Lifestyle

This week’s must-read books

Police
by Jo Nesbø  (Knopf)

Its billed as a new Harry Hole novel on the cover, so that’s good news right off the bat for fans of the Oslo detective who was shot in the head by his surrogate son at the end of last year’s “Phantom.” Now, police reinvestigating cold cases are being murdered at the old crime scenes. And while Harry is out of action (but not out of mind), his friend Bjórn Holm, forensics expert Beate Lønn and new police chief Mikael Bellman are in the forefront. Will Harry return and help solve these heinous crimes? Can he?

Actors Anonymous
by James Franco  (New Harvest)

Whether you believe James Franco is a Renaissance man or a big goof, he’s just added another line to his résumé — novelist. Sort of. His newest literary effort is a bit of a helter-skelter work, with some short stories, streams of consciousness, spoofs on Alcoholics Anonymous and even a character named James Franco. In one chapter, River Phoenix contacts him from beyond the grave. In another section, “Tell the Truth,” he goes on about how he picks up women: He asks the young girls who want a photo with him to e-mail him a copy, then he can hook up when he returns to that city.

The 34-Ton Bat The Story of Baseball as Told Through Bobbleheads, Cracker Jacks, Jockstraps, Eye Black, and 375 Other Strange and Unforgettable Objects
by Steve Rushin  (Little, Brown)

Give this one Required Reading’s LS Award — Longest Subtitle. And it pretty much sums up what’s in here.
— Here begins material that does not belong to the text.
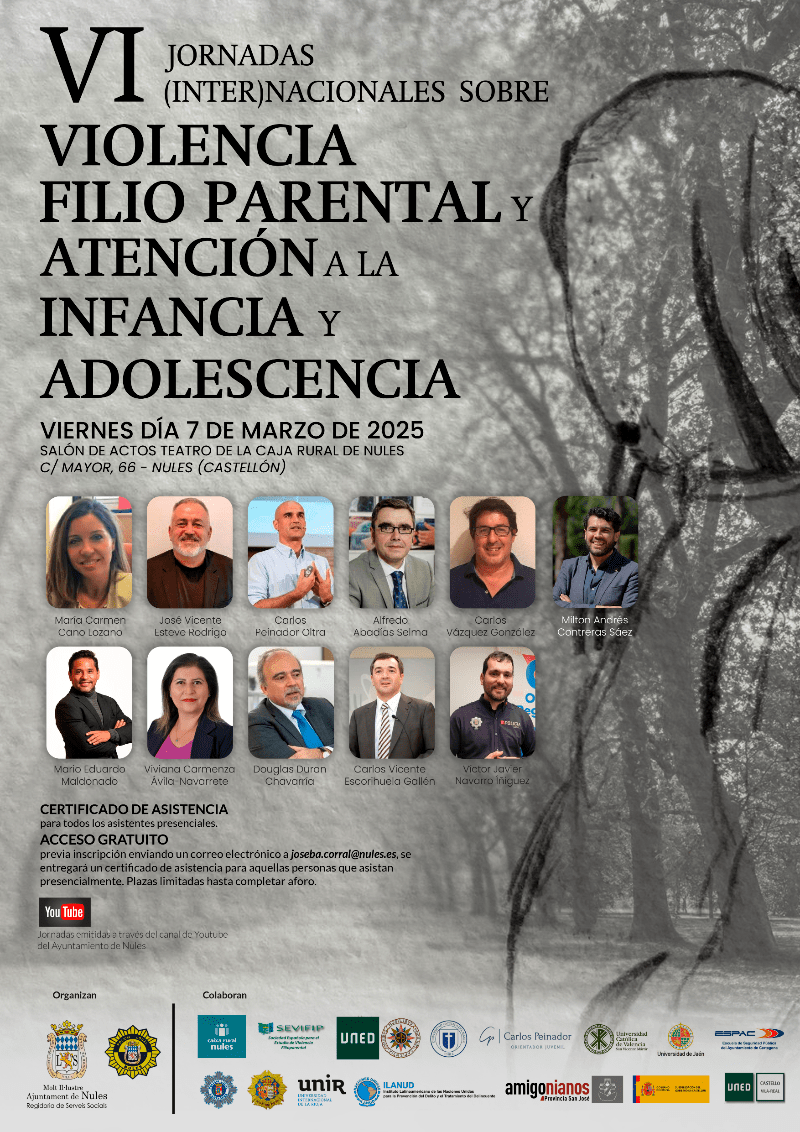 Esta edición contará con la incorporación en la programación de una mesa jurídica con Alfredo Abadías Selma, doctor en Derecho Penal y Presidente de SEVIFIP; Carlos Vázquez González, doctor en Derecho y profesor de la UNED; y de Carlos Vicente Escorihuela Gallén, Fiscal Delegado de la Sección de Menores de la Fiscalía Provincial de Castellón, quienes expondrán sus posturas sobre la violencia filioparental relacionada con cuestiones penales y criminológicas.

But what it doesn’t show is the care Rushin, a veteran Sports Illustrated scribe, takes and the love he shows for the game, with the eyes-wide-open feel of a kid entering the a big-league ballpark for the first time. Before he gets into the baseball-shaped grenade invented before WWI or the history of baseball caps, he reverently tells of his catcher-grandfather’s one single game in the major leagues in 1926. A real delight.

The Paris Architect
by Charles Belfoure  (Sourcebooks)

Wartime loyalties, architectural designs and novels are never as simple as they seem. Architect Belfoure explores the complex underside of all of these things in his first novel, the story of an anti-Semitic French architect, Lucien Bernard. During the Holocaust, the fictional Bernard designs secret hideaways — in pillars, behind mirrors and in drainpipes — for Jews. He has one motivation — money. But that changes after he hides a child and falls in love.

Harlem Street Portraits
by Harvey Stein  (Schiffer Publishing)

There’s a fine old Sly and the Family Stone song called “Everyday People,” and that title just might fit noted street photographer Stein’s latest book, a follow-up to “Coney Island: Forty Years.” His photos, from 1990 to 2012, and shot usually no more than three feet from his subject, include schoolkids, cool kids, African immigrants, churchgoers, teens with baseball caps, parents, bodega workers and more.